There is a generous amount of content floating around focusing on the best practices for a SharePoint Online migration. Well, if you have clicked to view this post, it means you are still looking for something more. We have performed quite a few migrations from SharePoint On-Premises to SharePoint Online. Our key focus during each project was to identify ways to streamline and optimize the migration process to be as smooth and seamless as possible. Migration to SharePoint Online may seem insurmountable. However, the right technology partner, with good understanding of your business objectives, related technologies, compliance, data security and content management best practices, can save you cost, time, and effort. We have put together a 7-step path to a smooth and successful SharePoint Online migration. 7 Steps for a Smooth Migration to SharePoint Online

1. Assessing the existing SharePoint environment

It is good to understand the user’s needs and what features in the current implementation fulfilled them. Checking whether the cloud version supports these features and identifying new ones that can be customized, will help optimize the migration effort without compromising on user experience in the cloud.

2. Identifying the right data migration approach

Before moving on to assessing your content inventory, you could take a call on whether to consider a hybrid migration. If there are compliance restrictions or integration with LOB applications that cannot be migrated, it is better to go for the hybrid environment, where some of your content can be retained on premises. After you have decided, have a clear idea of what content should be moved, retained, or discarded.

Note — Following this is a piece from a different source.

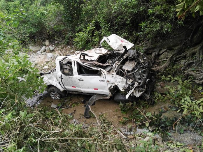 La camioneta de color blanco y placa F86 925 cayó de forma tan violenta que todos los cadáveres quedaron desperdigados entre las formaciones rocosas, pues el vehículo dio varias vueltas de campana.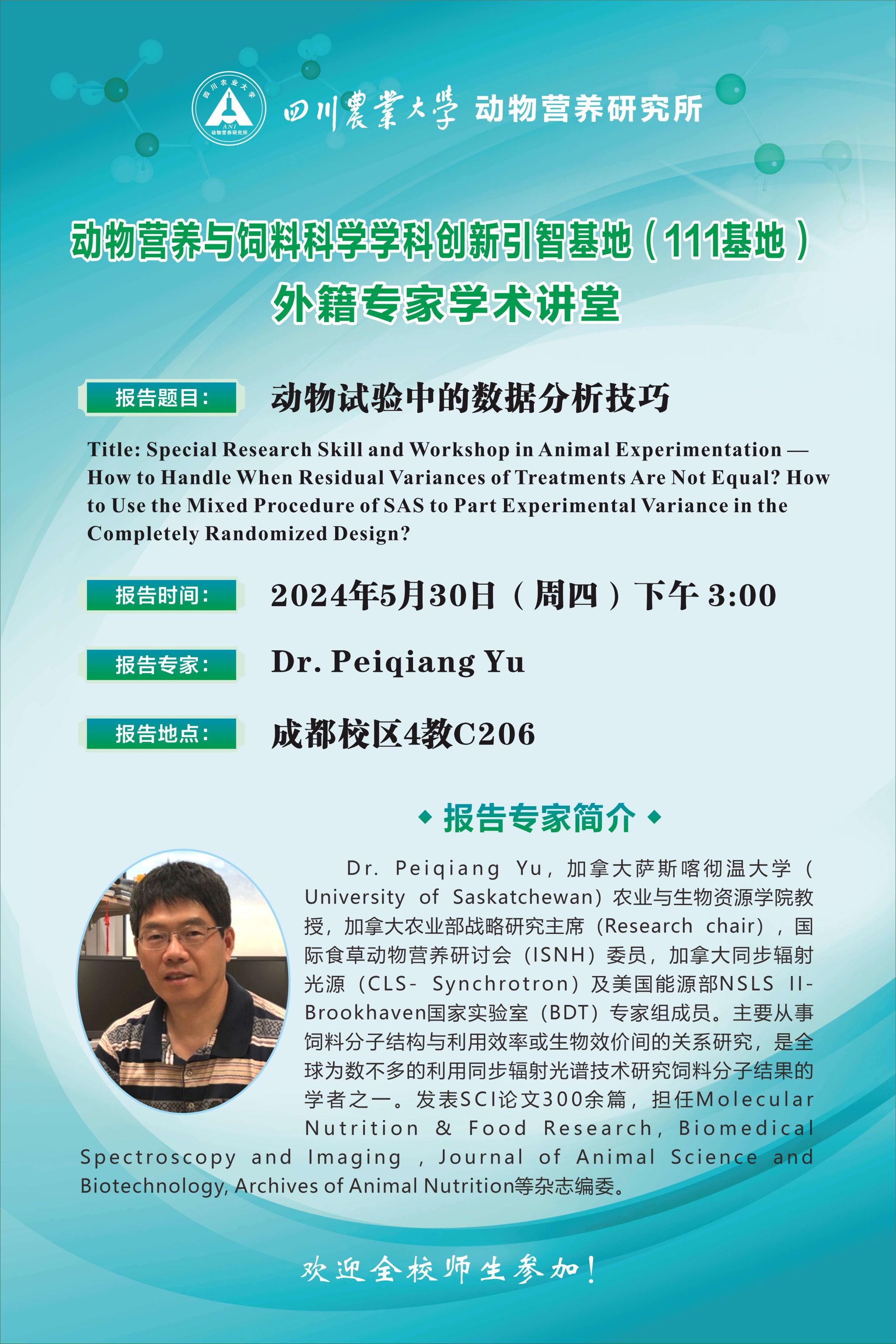 【111基地】外籍专家学术报告--动物试验中的数据分析技巧

3. Migrating custom solutions

Another important step is to identify all the custom solutions integrated to SharePoint On-Premises. These solutions cannot be deployed to SharePoint Online and hence have to be rebuilt to work in the cloud. This may not always end up with the finest results, depending on the complexity. So, it is best to decide what solutions should be recreated and replace others with out-of-the-box solutions having the same functionality. This will save you a lot of time and money.

4. The migration roadmap

Before you even touch the cloud, you should have a technology-roadmap planned upfront. Choose the most effective migration approach. You could either migrate your files in stages, with a testing phase between each or directly copy all your SharePoint files to Office 365. This can be decided on assessing your requirements. For best user-experience, have a clear idea of your SharePoint plan and its features before you migrate. Changes made post migration may not result in a clean deployment.

5. Performing the migration

After reviewing your roadmap for possible roadblocks and compliance to the Office 365 architecture requirements and best practices, there is nothing left to do but initiate the migration. It would be best to have an expert assist you in the migration. There is also a deployment checklist by Microsoft that you could refer in case you don’t. Make sure you keep testing as you proceed to develop your Office 365 environment.

6. Post-migration fixes

After migration, you should have a post migration maintenance strategy worked out. Verify migrated content in the new environment. Conduct a QA analysis to ensure that end users can access and manage their documents, mails, and other collaboration applications in the cloud environment.

7. Go-live and support

After a successful migration, you can focus on supporting the end users to get along with the new environment and features and build awareness on its capabilities. SharePoint online, being a fairly intuitive platform, trainings on using the advanced features would be a good idea. Set a robust governance model for correct use of the platform. Finally, get feedback from end-users to consistently improve user experience and adoption.